(Dataset entries)
◇ ◇ ◇ ◇

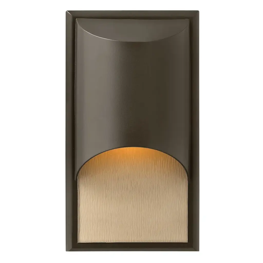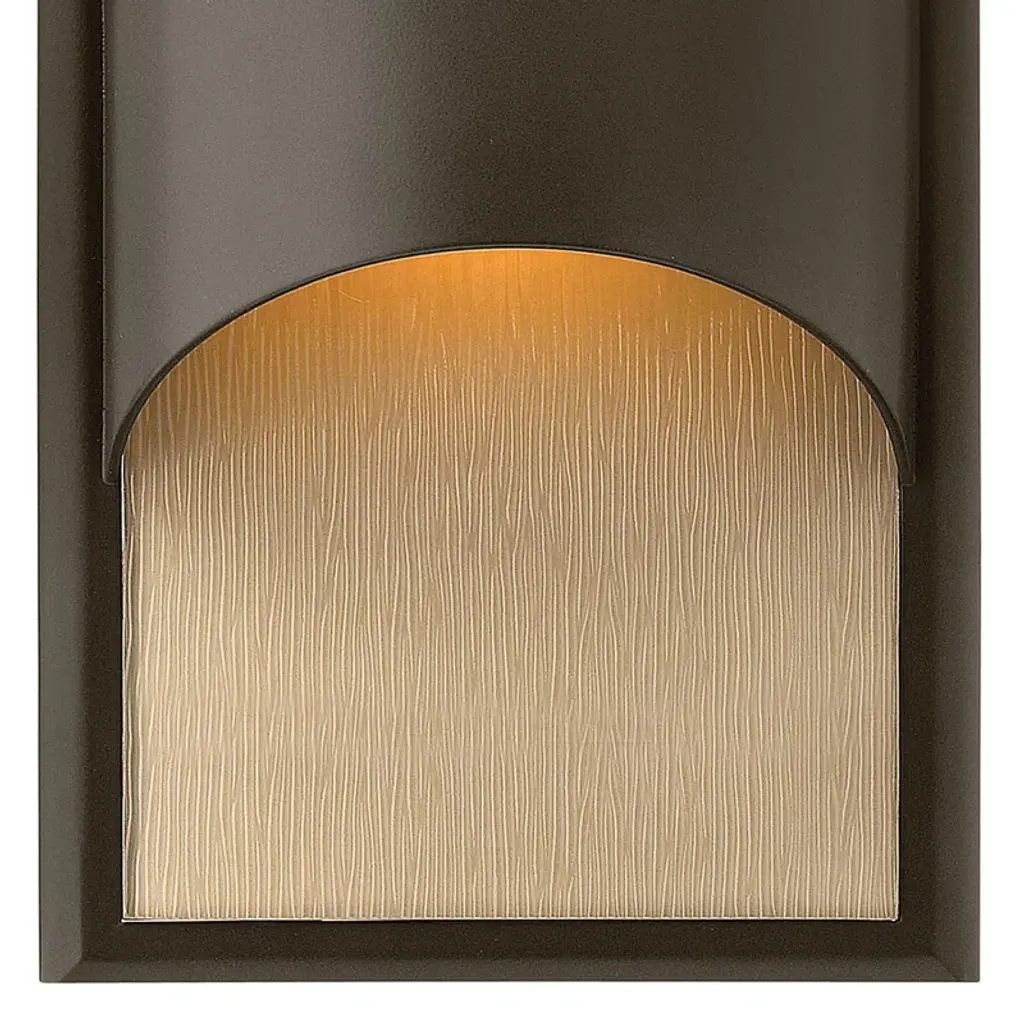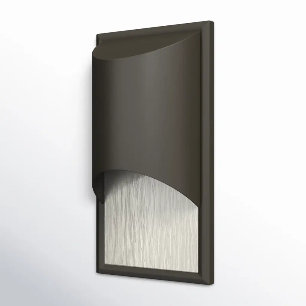A clean, modern design in sleek aluminum with clear, etched rain glass, this wall mount fixture would be an eye-catching addition inside or out. Its minimalist style complements contemporary facades and is available with integrated LED lighting or a 100-watt socket. The shade directs the light down against the rain glass panel, for a glowing, indirect lighting effect.
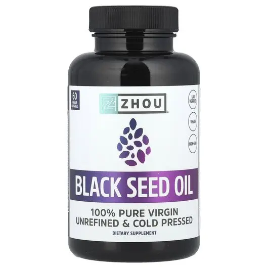Масло черного масла Black Seed Oil 60 Vegetarian 60 капсул, Zhou Nutrition
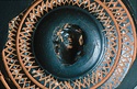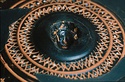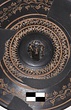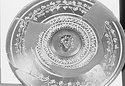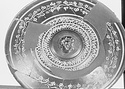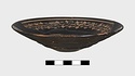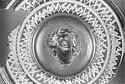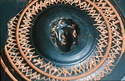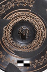 Description:   Mended from several pieces; fragments from rim and wall missing. Plain flaring sides; the bottom slightly depressed to form a small resting surface. Five neat wheel-run grooves around the upper part of the outside; one reserved and colored pink, inside the resting surface. On the inside, first, a circle of ivy leaves, berries and tendrils, in thinned clay; then two rows of double zigzags in thinned clay with white dots at the centers; then, in the middle of the interior, a female head in relief. The interior decoration is set off and separated by wheel-run grooves, reserved.
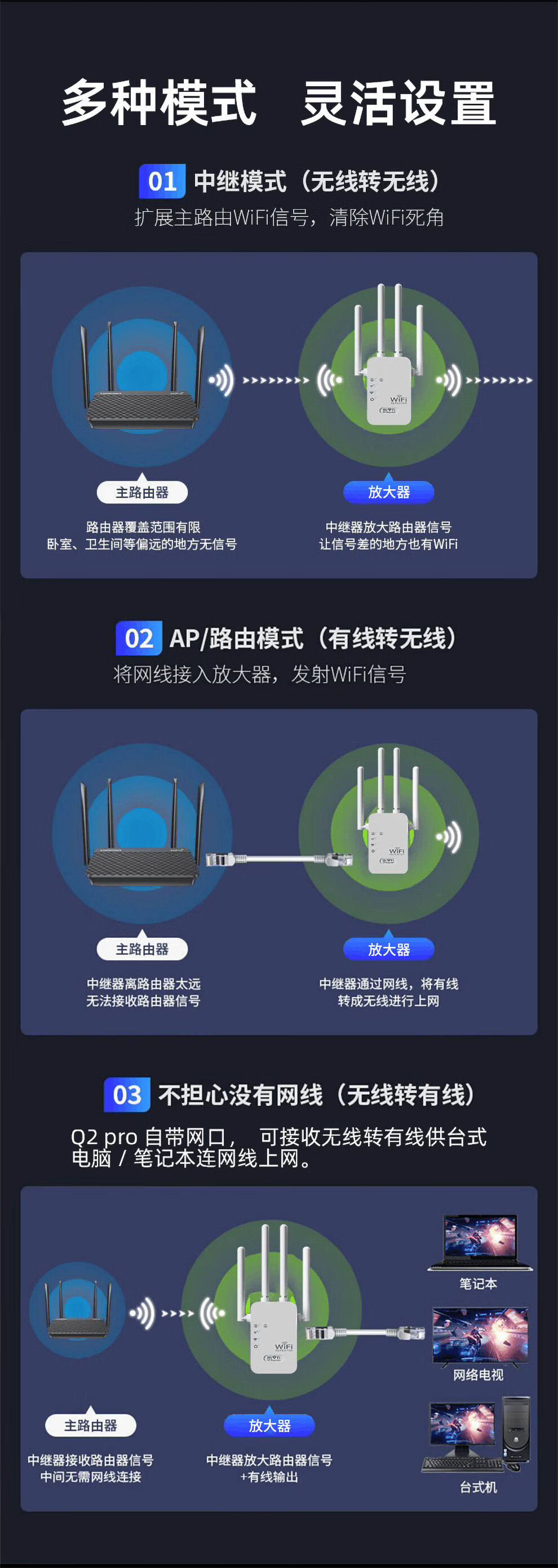 TENGFEI wifi signal amplifier 300M wireless network repeater extender four antennas strong through the wall home wireless router WiFi signal booster
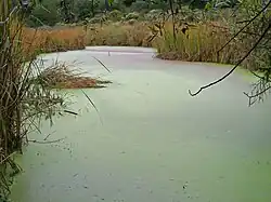 The freshwater marsh was formed by massive land movement along the Rodgers Creek Fault. The two ponds on the property are manmade, having been created in the early 20th century. These wetland communities are important habitat for many species including sora and Virginia rails, western pond turtles, and the federally listed endangered Red-legged Frog. Moreover, natural seeps feed these locations and the outcome is climax vegetation that has stabilized. Turtle Pond has a layer of duckweed on the water surface that is consumed by a variety of fauna. Riparian zones of Copeland Creek have a very high percentage population of California bay laurel, but also provide habitat for a rich variety of amphibians, newts and other fauna. The Pacific giant salamander, one of the largest known species of salamander is observed hunting for prey in Copeland Creek. Other amphibians seen in riparian habitats include the Pacific treefrog, Hyla regilla, Rough skinned newt, Taricha granulosa, and California slender salamander, Batrachoseps attenuatus. A number of plants are particular to the deeply shaded riparian zone including snowberry and the uncommon California ginseng, Aralia californica.
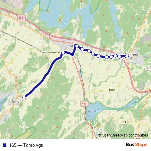 The first stop of the 165 bus route is Tomb vgs. and the last stop is Missingmyr. 165 (Tomb vgs) is operational during on weekdays.
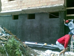 Pamatu ārēja hidroizolācija ar palīmējošo gumijas/ bitumena membrānu
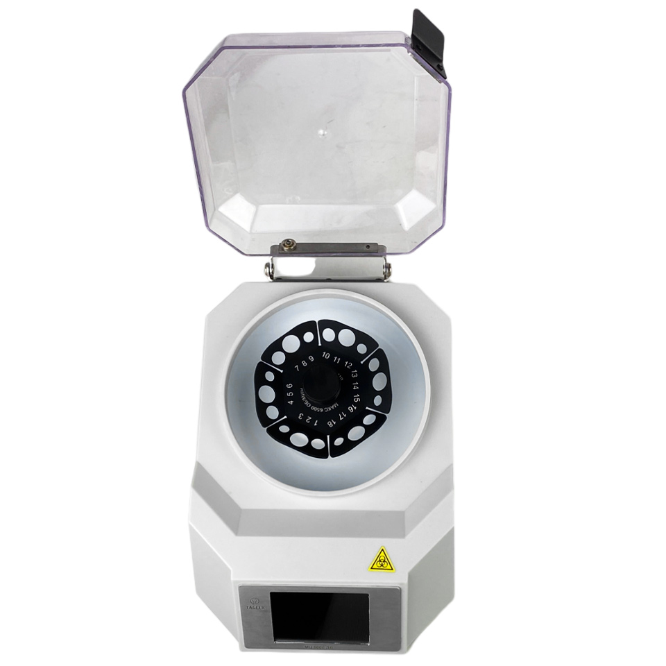 Защита от случайного попадания жидкостейМеханизм центрифуги защищён от случайного попадания жидкостей. Если внутри центрифуги пролился образец, то можно снять защитный колпак и просто вытереть внутреннюю чашу. Панель управления также влагостойкая, можно не бояться что-то пролить.
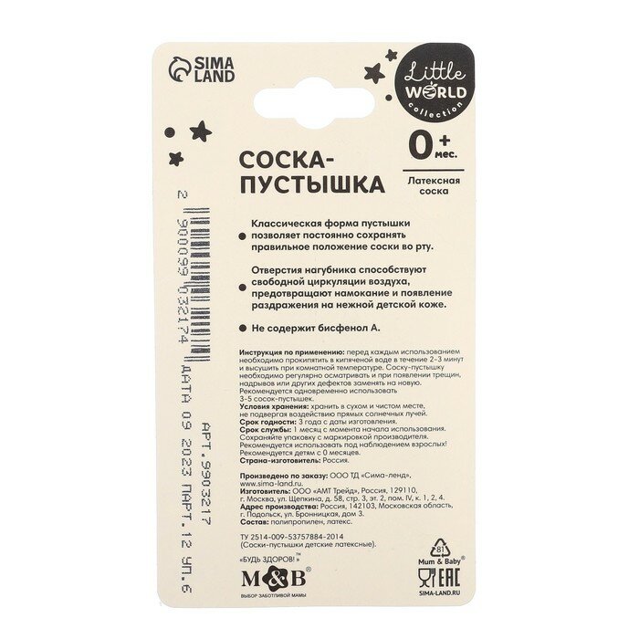 "Mum&Baby" - классическая соска-пустышка латекс для девочек+0 мес интересное:
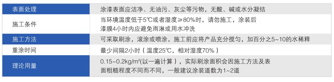 根據要求選擇配套體系,本產品可與大多數水性底漆和溶劑型漆配套使用,配套前應進行必要的測試評價。

◇ ◇ ◇ ◇

● Exercise directions
Transcribe the entries above exactly, from their first line through the line with "TENGFEI wifi signal", and omit all pictures.

● Task result
A clean, modern design in sleek aluminum with clear, etched rain glass, this wall mount fixture would be an eye-catching addition inside or out. Its minimalist style complements contemporary facades and is available with integrated LED lighting or a 100-watt socket. The shade directs the light down against the rain glass panel, for a glowing, indirect lighting effect.
Масло черного масла Black Seed Oil 60 Vegetarian 60 капсул, Zhou Nutrition
 Description:   Mended from several pieces; fragments from rim and wall missing. Plain flaring sides; the bottom slightly depressed to form a small resting surface. Five neat wheel-run grooves around the upper part of the outside; one reserved and colored pink, inside the resting surface. On the inside, first, a circle of ivy leaves, berries and tendrils, in thinned clay; then two rows of double zigzags in thinned clay with white dots at the centers; then, in the middle of the interior, a female head in relief. The interior decoration is set off and separated by wheel-run grooves, reserved.
 TENGFEI wifi signal amplifier 300M wireless network repeater extender four antennas strong through the wall home wireless router WiFi signal booster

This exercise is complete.